Severe Losses from Tax Evasion

According to the new and unique estimates provided by Zucman, 8% of worldwide financial wealth is held in tax havens, reducing worldwide tax revenues (investment income taxation, inheritance taxation, wealth taxation), relying on conservative estimates, by roughly $200 billion every year. The phenomenon has particularly importance for Europe. In 2013 Europeans held roughly 10% of their entire financial wealth in tax havens (thereof 2/3 in Switzerland), creating losses in tax revenues of $78 billion.
On one hand, tax havens are used by the wealthy to avoid income, inheritance and wealth taxation which is generally illegal. Corporations avoid taxes legally, using tax loopholes. The former phenomenon is particularly related to countries as Switzerland, Luxembourg and Liechtenstein (in Europe), the latter is primarily related to Ireland and the Netherlands (and has high importance especially for the United States where tax evasion by multinational corporations amounts $130 billion every year).

Tax Evasion in Europe

The mother of all tax havens, Switzerland, emerged shortly after the First World War when European countries started to raise taxes on income and wealth (Figure). In the absence of automatic information exchange procedures, banking secrecy provided the possibility to hide wealth (and income generated by this wealth) easily. Today’s offshore wealth amounts $7.6 trillion (8% of global wealth) of which $2.3 trillion (roughly a third) is held in Switzerland. The money that officially lies on Swiss bank accounts, however, does not stay in Switzerland (which would anyway have severe impact on the Swiss currency), but is invested in other tax havens, primarily in Luxembourg, where taxes on investment income are virtually zero. It is this combination, banking secrecy that hides the true owners of wealth, and zero investment income taxation provided by some countries that allows for the previously described scope of contemporary tax evasion.
The losses of tax evasion are primarily carried out by the great economies – France, Germany and Italy in Europe. The losses do not only occur due to the evasion itself, but also due to attempts to reduce the very incentives to avoid taxes. Taxation of investment income has been lowered in all european economies; Italy for instance nowadays essentially taxes solely real estate. The actual losses (due to these reductions in tax rates – which can be seen as a reaction to the scope of tax evasion) are thereby much higher than the beforehand introduced estimates suggest.

Zucman EZG Graph Kopie

Tax Evasion and just Societies

The extent of tax evasion nowadays leads to a reduction of tax burdens thereby reducing actual tax rates for the very part of societies that already evades taxes. Only a small part of the population essentially – the richest households (1% richest or even the 0.1% richest households) – evades taxes. However, this can be of high importance not only for tax revenues but also for society’s justice, since the very end of wealth distributions usually holds substantial parts of the entire wealth and income of societies. This very end of the wealth distribution, hence the richest households, nowadays face lesser effective tax rates than the middle part of the society.

Are Solutions Available?

Despite the proclamations of several institutions and countries that the century of tax evasion would be past, little change occurred in the last years. The fatalists are on the rise, declaring the combat against tax evasion to be lost. Fortunately, tax evasion is no natural emerging law and phenomenon, but located in the social realm. There are potential solutions. According to Zucman, automatic information exchange between countries is essential. International information on global wealth holders do exist, but are controlled by private companies. This situation must and can be changed, as recent attempts like the Foreign Account Tax Compliance Act (FATCA) in the United States, establishing automatic information exchange, forcing tax havens to give up their secrecy laws, show. The experience of the past century, however, suggests that tax havens will improbably stop providing the services of "wealth management" if they are not forced to do so. Happily, simple economic insight advices to threaten tax havens with costs equally high as the profits gained by the provision of their services. Since tax havens are essentially small (Switzerland is the largest), the threat of an introduction of tariffs by greater economies (e.g. by France, Germany and Italy in the case of Switzerland) can be a way to force them to give up on their globally harmful services.

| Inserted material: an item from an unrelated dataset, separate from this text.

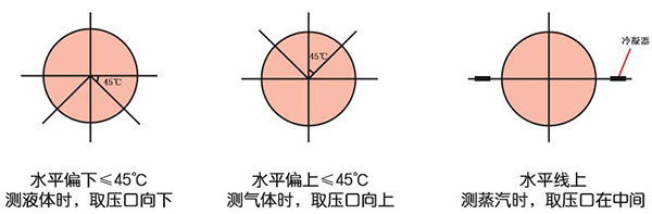 2、測氣體時,為防止液體進入導壓管,取壓口方向應處于水平線上偏45度的位置以內(nèi),正、負取壓口在同一水平面上。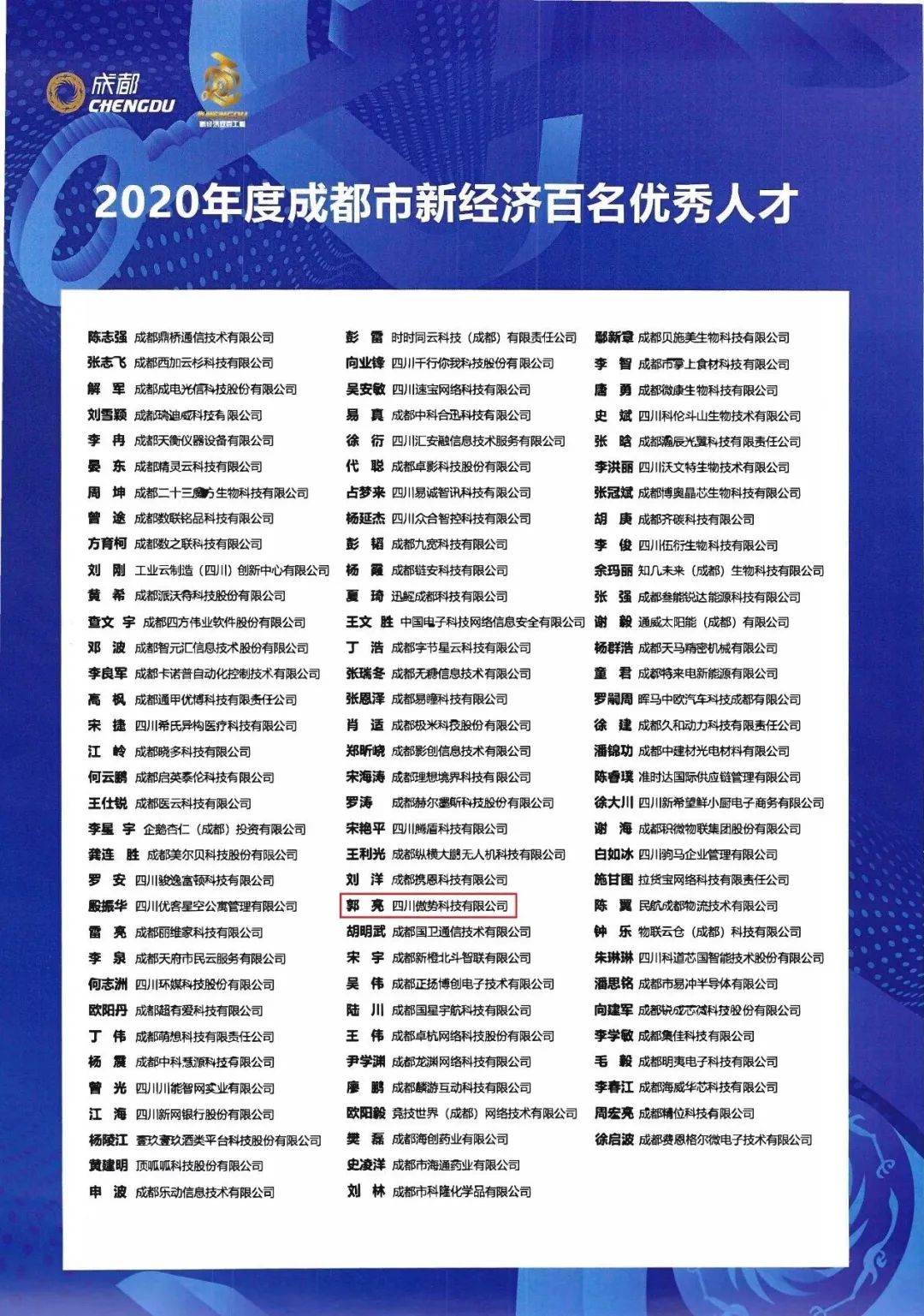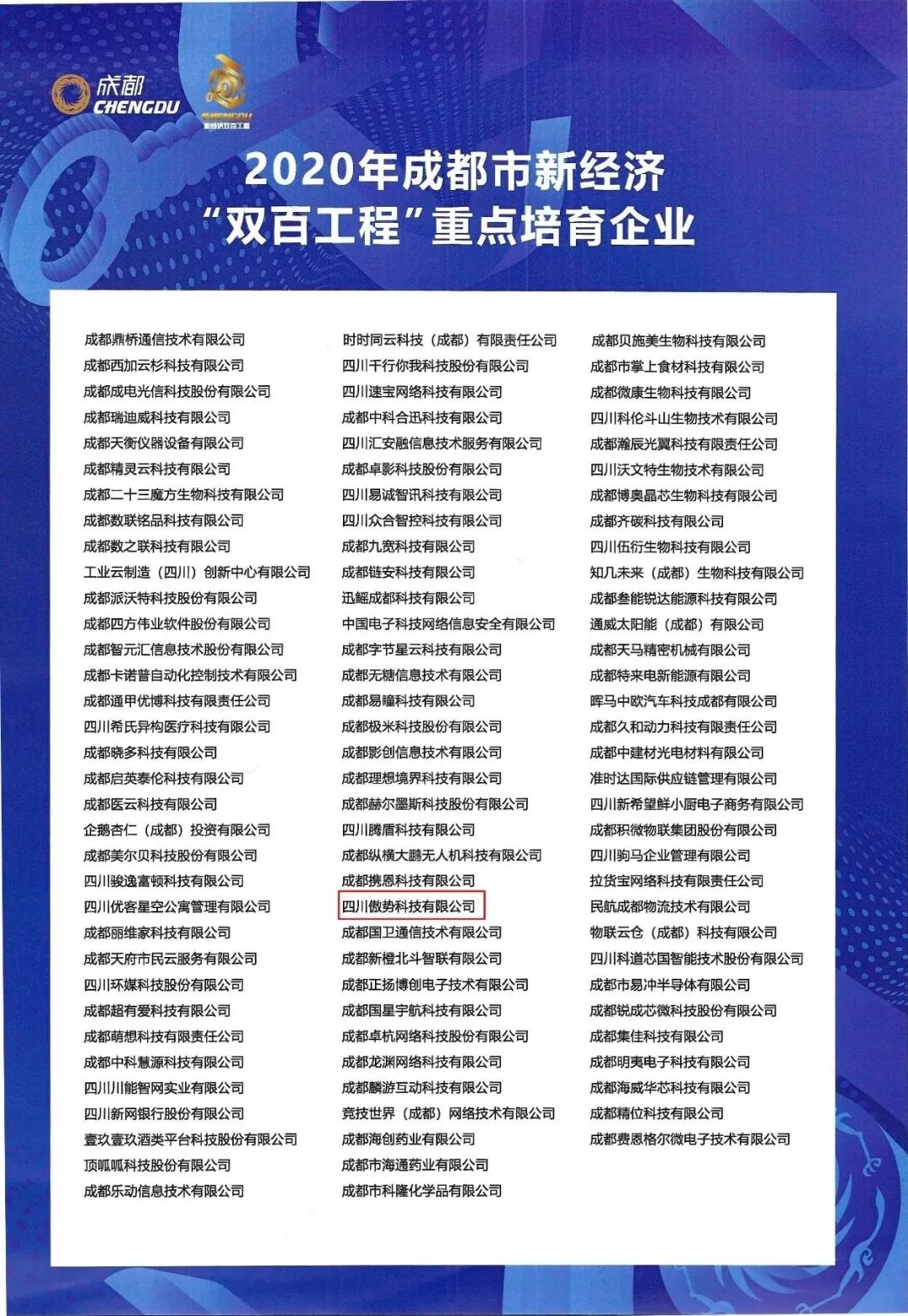 经过重重遴选,傲势的企业规模实力、经营能力、社会贡献、行业发展前景、创新能力、团队竞争力等因素获得了成都市政府高度认可,傲势荣耀入选2020年度成都市新经济“双百工程”重点培育企业、CEO郭亮博士入选2020年度成都市新经济“双百工程”优秀人才”。至今,傲势已是连续三年上榜“双百工程”重点培育企业,充分表明傲势在新经济领域所取得的创新突破与优异成绩。↓2018年,傲势首次荣获”双百工程“表彰

Towards a more just European Union

The European Union might play a major role, starting to put pressure on tax havens, not least because it should have high incentives to do so since it is the main loser of these practices. However, it needs to start with its own antisocial member states as Luxembourg or Ireland, and partners like Switzerland. These countries entirely depend on the integrated European markets, indeed, destroying the basis of a democratic and socially just region and Union.

Zucman, Gabriel (2015). The Hidden Wealth of Nations. The University of Chicago Press: Chicago.